● Exercise description
Drop every picture, then print the rest of the listing exactly as given.

+++ Available records

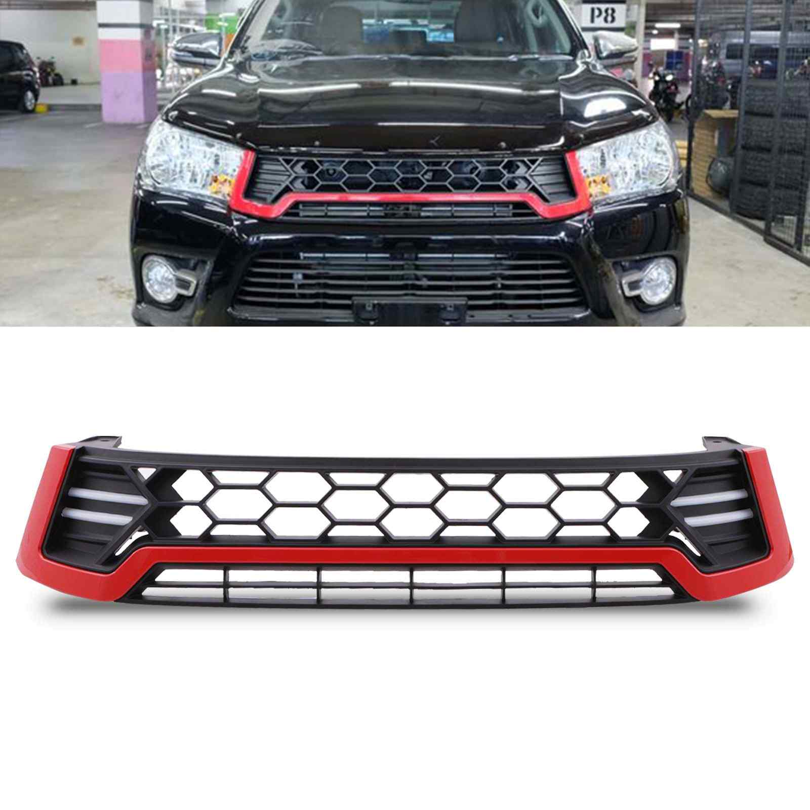Toyota Hilux Revo 15+ Black & Red Honeycomb Led Grille
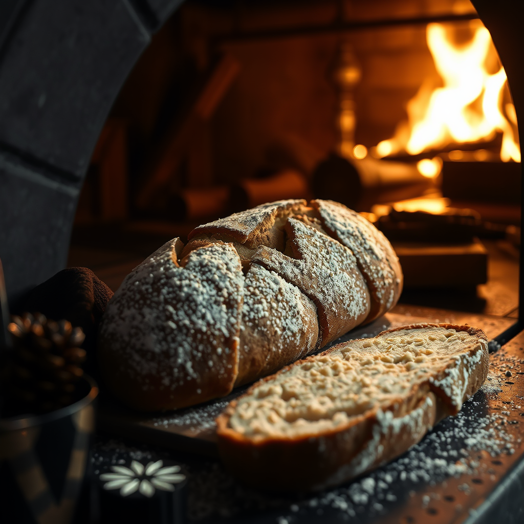 A cozy scene featuring traditional Christmas stollen bread bathed in the warm glow of a wood-burning oven, set against a black and gold color palette. The intricate details of the stollen, with its powdered sugar and rich textures, stand out vividly. The photorealistic lighting casts deep, inviting shadows, enhancing the rustic charm of the setting. Captured with a wide angle to include hints of A+D architectural elements, the image embodies kinfolk photography's essence, blending nuanced realism with a sophisticated, warm ambiance.
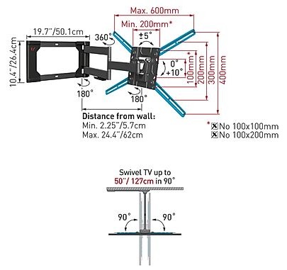 Po namestitvi je TV blizu stene. V položaju 0/1 je TV od stene oddaljen le 25mm, v položaju 3/4 pa 60mm
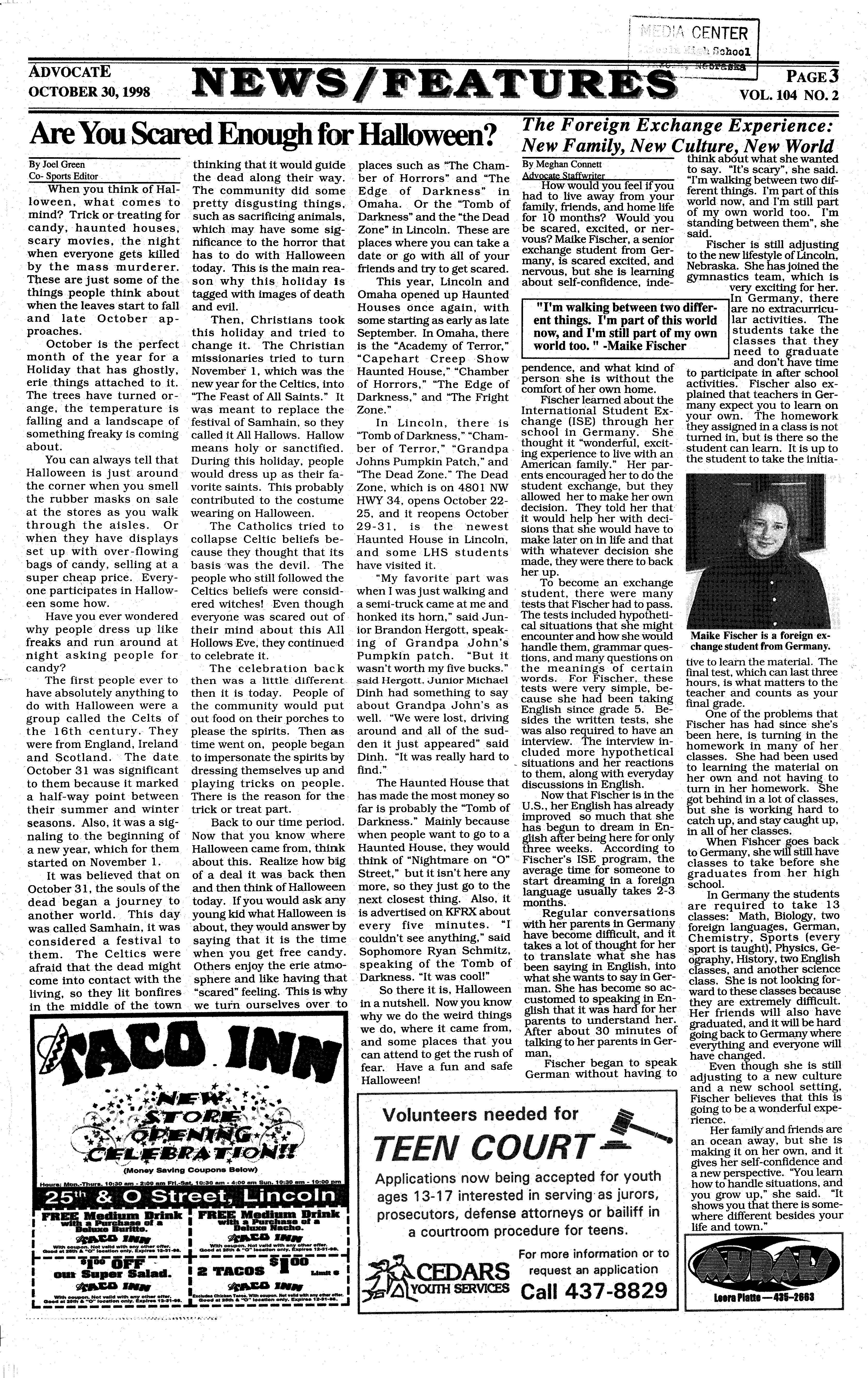 d ·M·ii G • entered. Lmcoln High · And of course the · coin High should be proud of - an o y e1ger · - confused. One of the number one complaint themselves for providing a comThey entered Lincoln High most confusing things that all sophomores have fortable environment for the new , unable to leave their 'middle about Lincoln High was is not being able to leave sophomores. As sophomores school' cliques, crowding the the location of classes campus for lunch. · preparedforthenewschoolyear, · ha11ways, and sneaking out to duetotheseparationof "Why can't 10th visions of vicious seniors lunch. We all know who they the even and odd class- graders go out to eat in- haunted them, but their nightare - scruffmores. Toe upper- .rooms. "Ifigothewrong stead of eating in the maresstoppeclafterthefirstday classmen try to scarethem from way I end up wa1king in smelly cafeteria and when they realized that seniors theha11sofLlncoui.High..Tohelp circles until I find my waiting in line for 20 didn't want to be caught dead understand what these sopho- room," said sophomore minutes?" asked Jessie even talking to a them.··· mores are going through we Tiffany McMeen. Sebek. If sophomores do · After overcomingtheir fears, asked them to share with us · .Also confusing to raphicByEric choose to leave campus and finding their classes, sophotheir views of Lincoln High. sophomores coming for lunch, they run the mores are beginning to enjoy
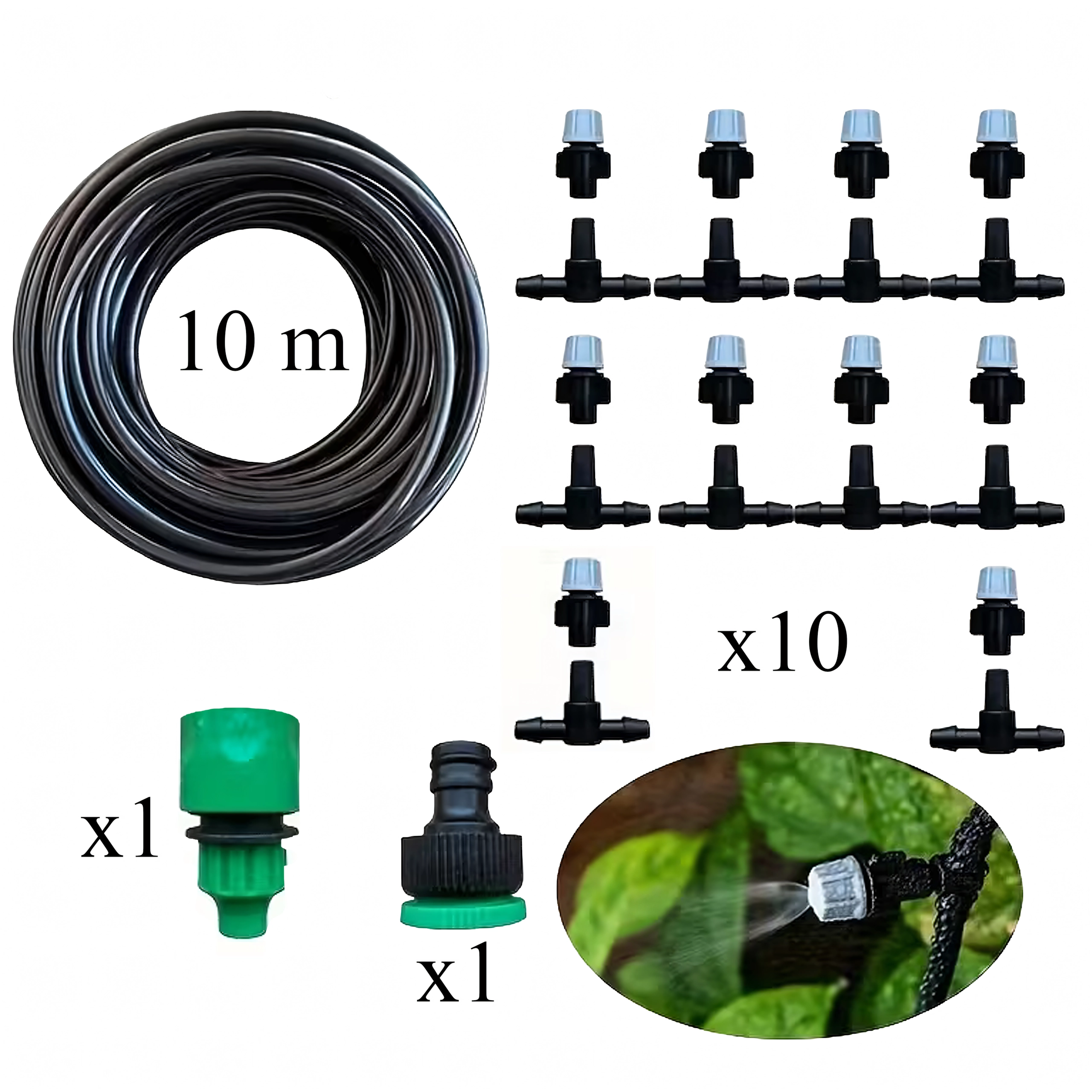 Complete set voor nevel- en druppelirrigatie met een lengte van 10 m en 10 verstelbare sproeiers voor efficiënte bewatering van borders, kassen en bloembakken. Biedt een fijne nevel voor verkoeling en gelijkmatige bewatering zonder waterverspilling. Eenvoudige installatie, waterbesparing en de mogelijkheid om de richting en intensiteit van de sproei aan te passen.

++++++

● Answer space
Toyota Hilux Revo 15+ Black & Red Honeycomb Led Grille
 A cozy scene featuring traditional Christmas stollen bread bathed in the warm glow of a wood-burning oven, set against a black and gold color palette. The intricate details of the stollen, with its powdered sugar and rich textures, stand out vividly. The photorealistic lighting casts deep, inviting shadows, enhancing the rustic charm of the setting. Captured with a wide angle to include hints of A+D architectural elements, the image embodies kinfolk photography's essence, blending nuanced realism with a sophisticated, warm ambiance.
 Po namestitvi je TV blizu stene. V položaju 0/1 je TV od stene oddaljen le 25mm, v položaju 3/4 pa 60mm
 d ·M·ii G • entered. Lmcoln High · And of course the · coin High should be proud of - an o y e1ger · - confused. One of the number one complaint themselves for providing a comThey entered Lincoln High most confusing things that all sophomores have fortable environment for the new , unable to leave their 'middle about Lincoln High was is not being able to leave sophomores. As sophomores school' cliques, crowding the the location of classes campus for lunch. · preparedforthenewschoolyear, · ha11ways, and sneaking out to duetotheseparationof "Why can't 10th visions of vicious seniors lunch. We all know who they the even and odd class- graders go out to eat in- haunted them, but their nightare - scruffmores. Toe upper- .rooms. "Ifigothewrong stead of eating in the maresstoppeclafterthefirstday classmen try to scarethem from way I end up wa1king in smelly cafeteria and when they realized that seniors theha11sofLlncoui.High..Tohelp circles until I find my waiting in line for 20 didn't want to be caught dead understand what these sopho- room," said sophomore minutes?" asked Jessie even talking to a them.··· mores are going through we Tiffany McMeen. Sebek. If sophomores do · After overcomingtheir fears, asked them to share with us · .Also confusing to raphicByEric choose to leave campus and finding their classes, sophotheir views of Lincoln High. sophomores coming for lunch, they run the mores are beginning to enjoy
 Complete set voor nevel- en druppelirrigatie met een lengte van 10 m en 10 verstelbare sproeiers voor efficiënte bewatering van borders, kassen en bloembakken. Biedt een fijne nevel voor verkoeling en gelijkmatige bewatering zonder waterverspilling. Eenvoudige installatie, waterbesparing en de mogelijkheid om de richting en intensiteit van de sproei aan te passen.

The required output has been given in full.